Department of Psychiatry and Behavioral Sciences, Duke University Medical Center, USA.
Department of Psychiatry and Behavioral Sciences, Duke University Medical Center, USA.
Neurotoxicol Teratol. 2019 Jul-Aug;74:106806. doi: 10.1016/j.ntt.2019.04.003. Epub 2019 Apr 24.
Developmental neurotoxicity of a wide variety of toxicants mediated via maternal exposure during gestation is very well established. In contrast, the impacts of paternal toxicant exposure on offspring neurobehavioral function are much less well studied. A vector for paternal toxicant exposure on development of his offspring has been identified. Sperm DNA can be imprinted by chemical exposures of the father. Most but not all of the epigenetic marks in sperm are reprogrammed after fertilization. The persisting epigenetic marks can lead to abnormal genetic expression in the offspring. We have found that paternal delta-9-tetrohydrocannabinol (THC) exposure in rats causes changes in methylation of sperm (Murphy et al., 2018). This is similar to cannabis-associated changes in sperm DNA methylation we found in human males who smoke cannabis (Murphy et al., 2018). In the current study we investigated the intergeneration effects of THC exposure of young adult male rats (0 or 2 mg/kg/day orally for 12 days) to the neurobehavioral development of their offspring. This paternal THC exposure was not found to significantly impact the clinical health of the offspring, including litter size, sex ratio, pup birth weight, survival and growth. However, it did cause a long-lasting significant impairment in attentional performance in the offspring relative to controls when they were tested in adulthood.
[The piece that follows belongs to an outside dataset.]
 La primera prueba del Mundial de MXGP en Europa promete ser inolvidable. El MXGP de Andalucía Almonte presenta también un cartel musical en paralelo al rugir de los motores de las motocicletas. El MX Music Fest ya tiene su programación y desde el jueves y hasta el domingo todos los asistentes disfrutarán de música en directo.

There was also a significant increase in habituation of locomotor activity in the adult offspring of the males exposed to THC prior to mating. This study shows that premating paternal THC exposure even at a modest dose for a brief period can cause deleterious long-term behavioral effects in the offspring, notably significant impairment in an operant attention task. Further research should be conducted to determine the degree to which this type of risk is seen in humans and to investigate the mechanisms underlying these effects and possible treatments to ameliorate these long-term adverse behavioral consequences of paternal THC exposure.
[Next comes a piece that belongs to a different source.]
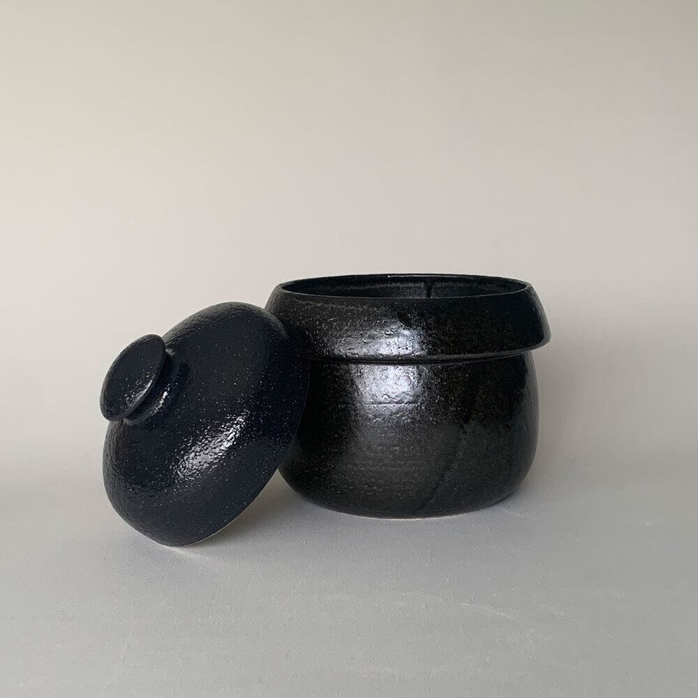 艶やかな黒釉が美しい、壺型のご飯鍋

各种母体在妊娠期暴露于毒物所介导的发育神经毒性已得到充分证实。相比之下,父体毒物暴露对子代神经行为功能的影响研究得较少。现已确定了父体毒物暴露对子代发育的影响途径。精子 DNA 可被父体的化学暴露所印记。受精后,大多数(但不是全部)精子中的表观遗传标记被重新编程。持续存在的表观遗传标记可导致子代中异常的基因表达。我们发现,大鼠中父体 δ-9-四氢大麻酚(THC)暴露可导致精子甲基化发生变化(Murphy 等人,2018 年)。这与我们在吸食大麻的男性精子中发现的大麻相关的 DNA 甲基化变化相似(Murphy 等人,2018 年)。在目前的研究中,我们研究了年轻成年雄性大鼠(0 或 2mg/kg/天经口连续 12 天)的 THC 暴露对子代神经行为发育的代际影响。这种父体 THC 暴露并未显著影响子代的临床健康,包括窝仔数、性别比例、幼仔出生体重、存活率和生长。然而,与对照组相比,当它们在成年时进行测试时,它确实导致了子代注意力表现的持久而显著的损害。在交配前暴露于 THC 的雄性成年子代的运动活动习惯化也显著增加。这项研究表明,即使在短暂的时间内以适度剂量进行交配前父体 THC 暴露,也会导致子代产生有害的长期行为影响,特别是在操作性注意任务中出现显著损害。应进一步开展研究,以确定在人类中看到这种风险的程度,并研究这些影响的潜在机制以及可能的治疗方法,以减轻父体 THC 暴露的这些长期不良行为后果。